Na origem, o processo envolve ação declaratória de inexigibilidade de débitos em razão de prescrição, com pedido de concessão do benefício da justiça gratuita.
Em despacho constante no id. 61628555 dos autos principais, o Magistrado determinou que a parte autora comprovasse a sua necessidade para fins de concessão da Assistência Judiciária Gratuita, mediante a juntada dos 03 (três) últimos extratos bancários, declarações de imposto de renda, contracheques e outros documentos que entender necessário.
Em posterior decisão, id. 70098895, indeferiu a concessão do benefício requerido, sob o argumento de que a parte limitou-se a afirmar seu direito, sem, contudo, acostar os documentos exigidos no despacho inicial.
A parte Agravante, Erica dos Santos da Silva, interpõe, então, Agravo de Instrumento c/c com pedido de tutela de urgência, visando o prosseguimento do feito sem o recolhimento das custas e despesas judiciárias, em razão da gratuidade judiciária.
Para tanto, alega que para comprovar sua situação financeira acostou aos Autos a documentação cabível, qual seja, o comprovante de situação cadastral do CPF e relatórios emitidos pela Receita Federal, demonstrando que não possui declaração de renda em seu nome e, consequentemente, que seus ganhos são insuficientes para atingir o piso da declaração obrigatória.
Por fim, pleiteia a concessão da tutela de urgência para antecipar os efeitos da tutela recursal, determinando o imediato deferimento do benefício da justiça gratuita.
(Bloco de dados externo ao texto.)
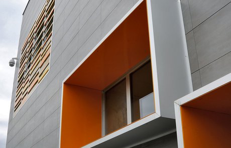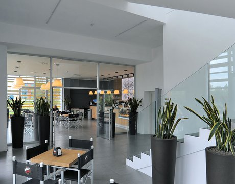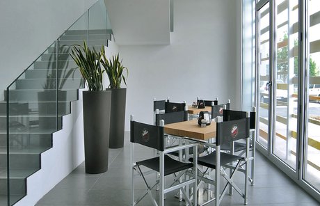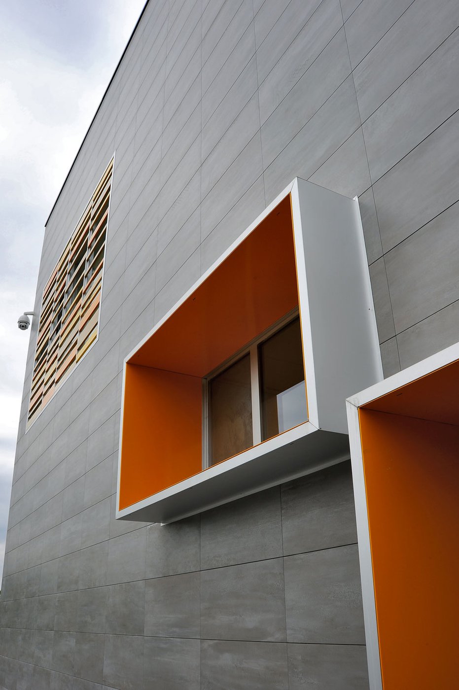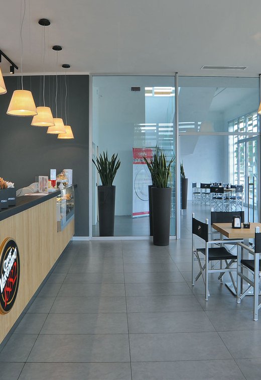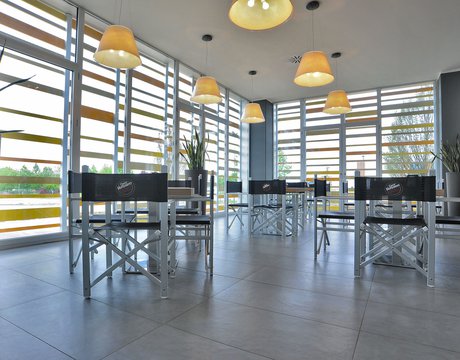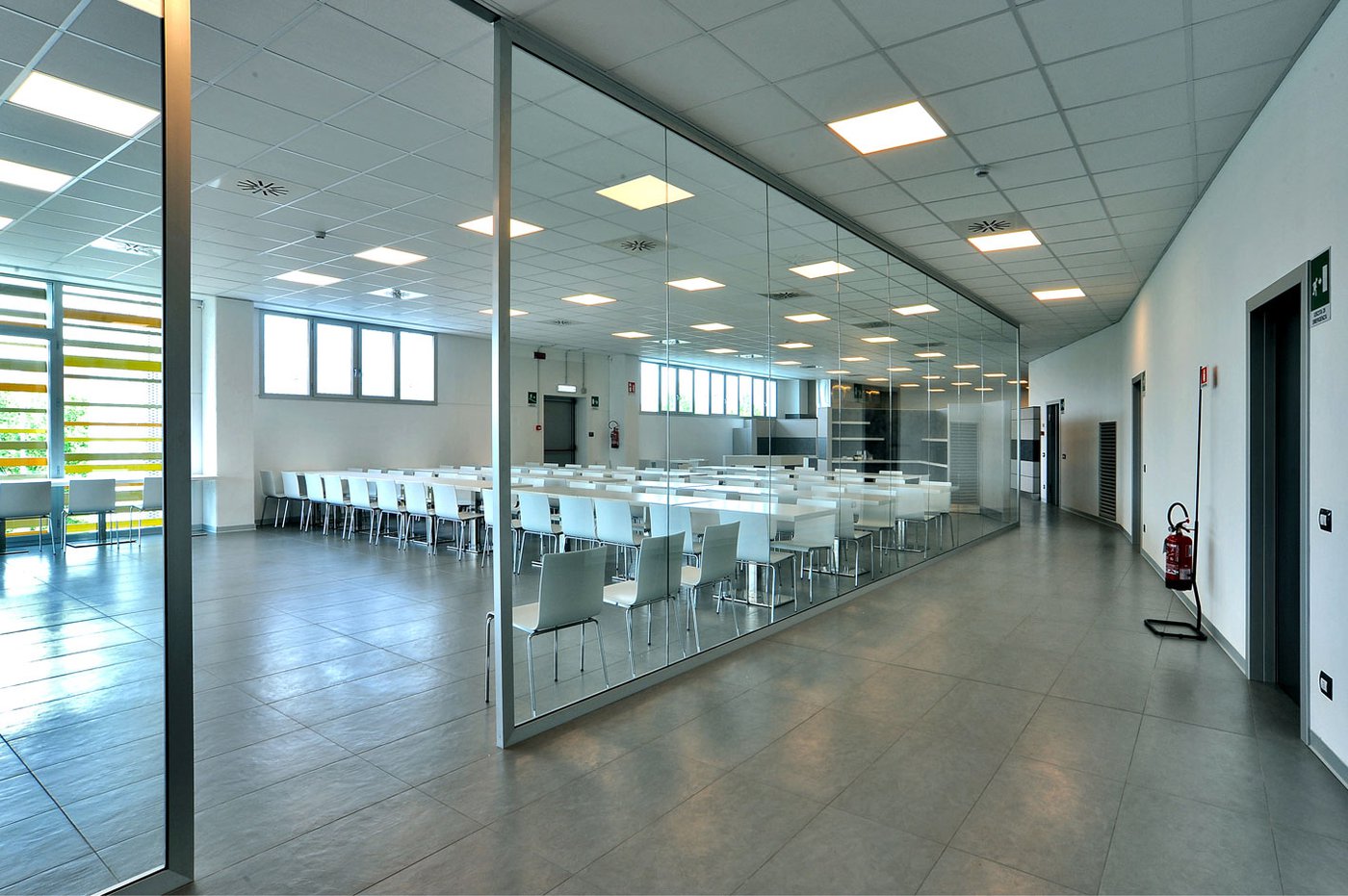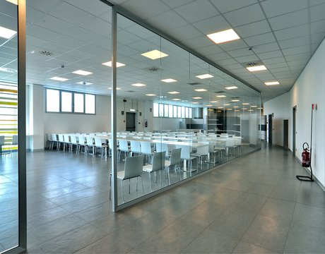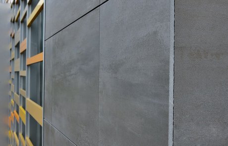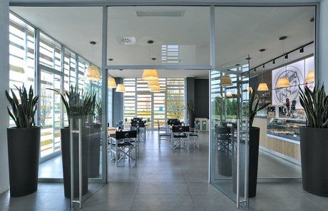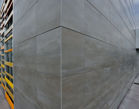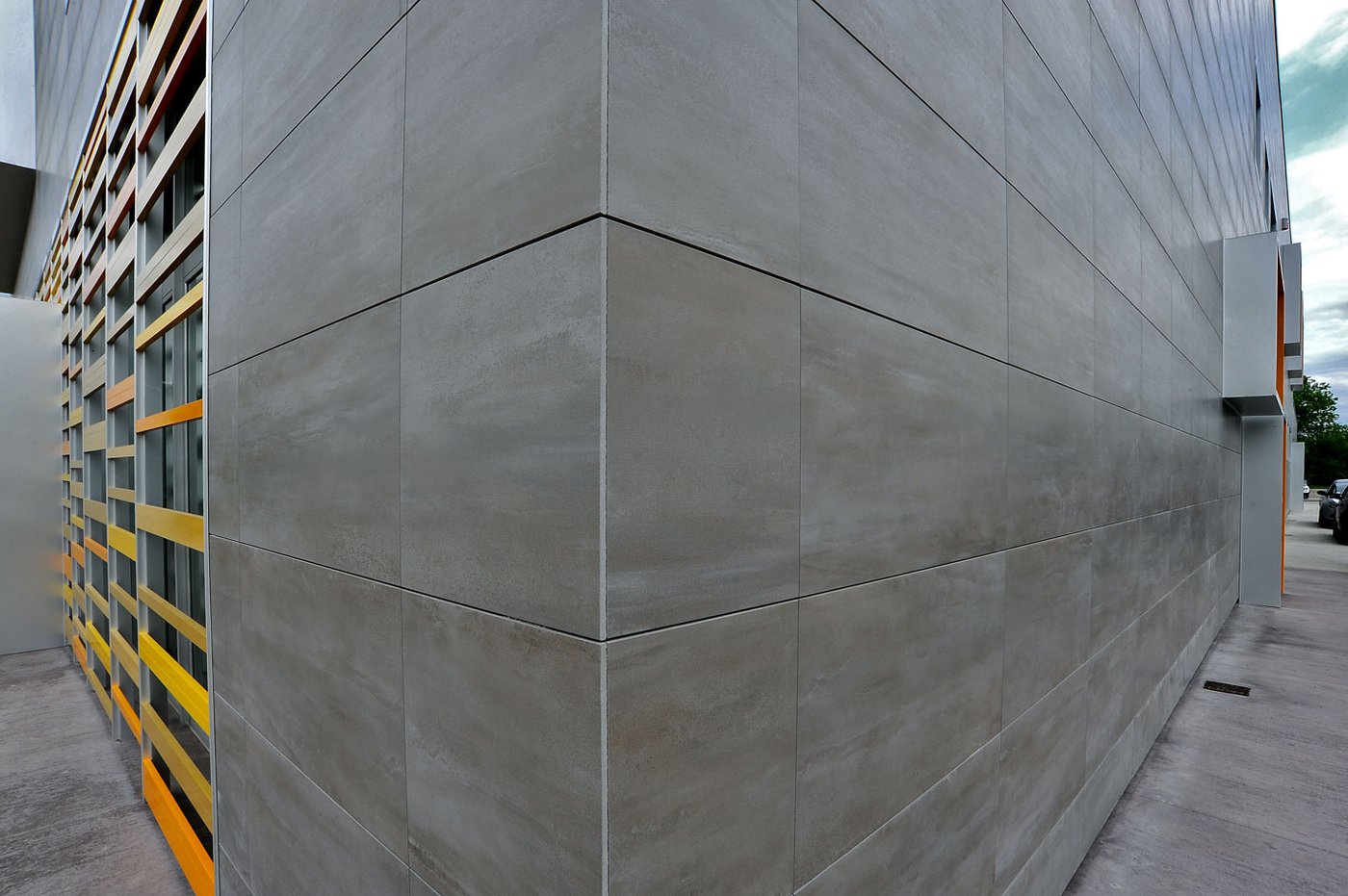 To improve the thermal performance of its new premises near Cuneo, the Camst kitchen chain has opted for an innovative technical solution. The Planet series is used for the facade of the building, part of an efficient system of ventilated walls designed to guarantee maximum functionality without compromising on style, given the pleasant combination between these metal-effect surfaces and the vibrant colours of the exterior door and window frames.

É o relatório.
Decido.
O cerne da questão versa a respeito da concessão, ou não, de tutela de urgência com o intuito de determinar o imediato deferimento do benefício da justiça gratuita em favor do agravante.
Primeiramente, importante destacar que os requisitos para a concessão da tutela de urgência são expostos no próprio Código de Processo Civil, ao estatuir no artigo 300 que será concedida quando houver elementos que evidenciem a probabilidade do direito e o perigo de dano ou o risco ao resultado útil do processo.
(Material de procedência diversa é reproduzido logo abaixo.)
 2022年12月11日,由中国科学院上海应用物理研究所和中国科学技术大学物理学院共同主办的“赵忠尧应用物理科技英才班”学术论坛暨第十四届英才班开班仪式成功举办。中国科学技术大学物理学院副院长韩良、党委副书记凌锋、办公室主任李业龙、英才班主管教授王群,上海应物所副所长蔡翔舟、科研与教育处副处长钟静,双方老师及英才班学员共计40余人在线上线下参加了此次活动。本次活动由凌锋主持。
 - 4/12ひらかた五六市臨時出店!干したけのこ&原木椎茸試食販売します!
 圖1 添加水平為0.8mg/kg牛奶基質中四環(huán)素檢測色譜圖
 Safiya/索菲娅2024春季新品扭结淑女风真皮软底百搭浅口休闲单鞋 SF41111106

Percebo que o presente pleito de tutela urgência possui natureza de tutela antecipada, pois visa a imediata concessão da benesse prevista no art. 98 do Código de Processo Civil.
Ocorre que o § 3º do artigo 300 preceitua que a tutela de urgência de natureza antecipada não será concedida quando houver perigo de irreversibilidade dos efeitos da decisão.
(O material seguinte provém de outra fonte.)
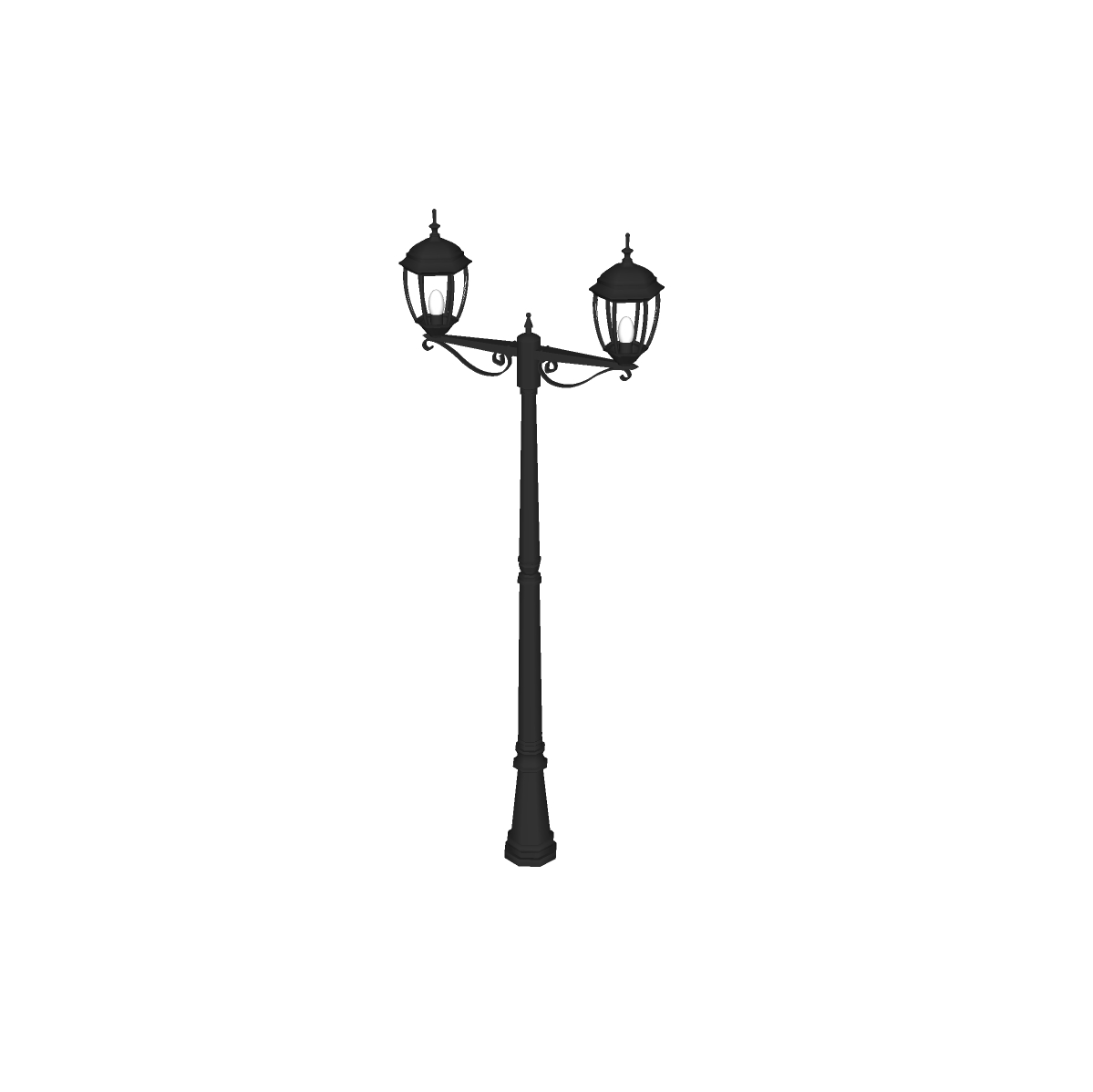 Hình ảnh miêu tả một mẫu đèn đường với thiết kế tinh tế, mang lại cảm giác sang trọng và bền bỉ. Mẫu đèn này được thiết kế với hai bóng đèn đối xứng, gắn trên một trụ đứng mạnh mẽ, phù hợp cho không gian đô thị, công viên và các khu vực cộng cộng khác.
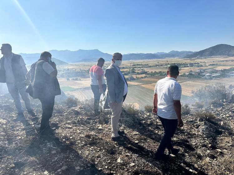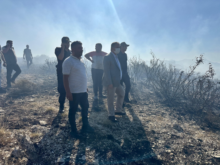 İlçe Kaymakamı Bayram Gale ,Bucak Orman İşletme Ekiplerinin hızlı müdahalesi sonucunda Kısa sürede kontrol altına alınarak söndürülen Susuz köyündeki orman yangını bölgesini yerinde inceledi.

Ora, pela análise estrita da lei, percebe-se que o intento primário adotado pelo legislador foi evitar danos irreversíveis através da concessão de decisões em sede de tutela.
Entendo que neste momento processual, em sede de análise sumária de tutela de urgência nos autos de Agravo de Instrumento, o Juiz só deve aplicar o direito ao caso concreto, concedendo o pedido antecipado da parte agravante, se estiver convencido das alegações, pois contém somente elementos argumentativos de uma das partes.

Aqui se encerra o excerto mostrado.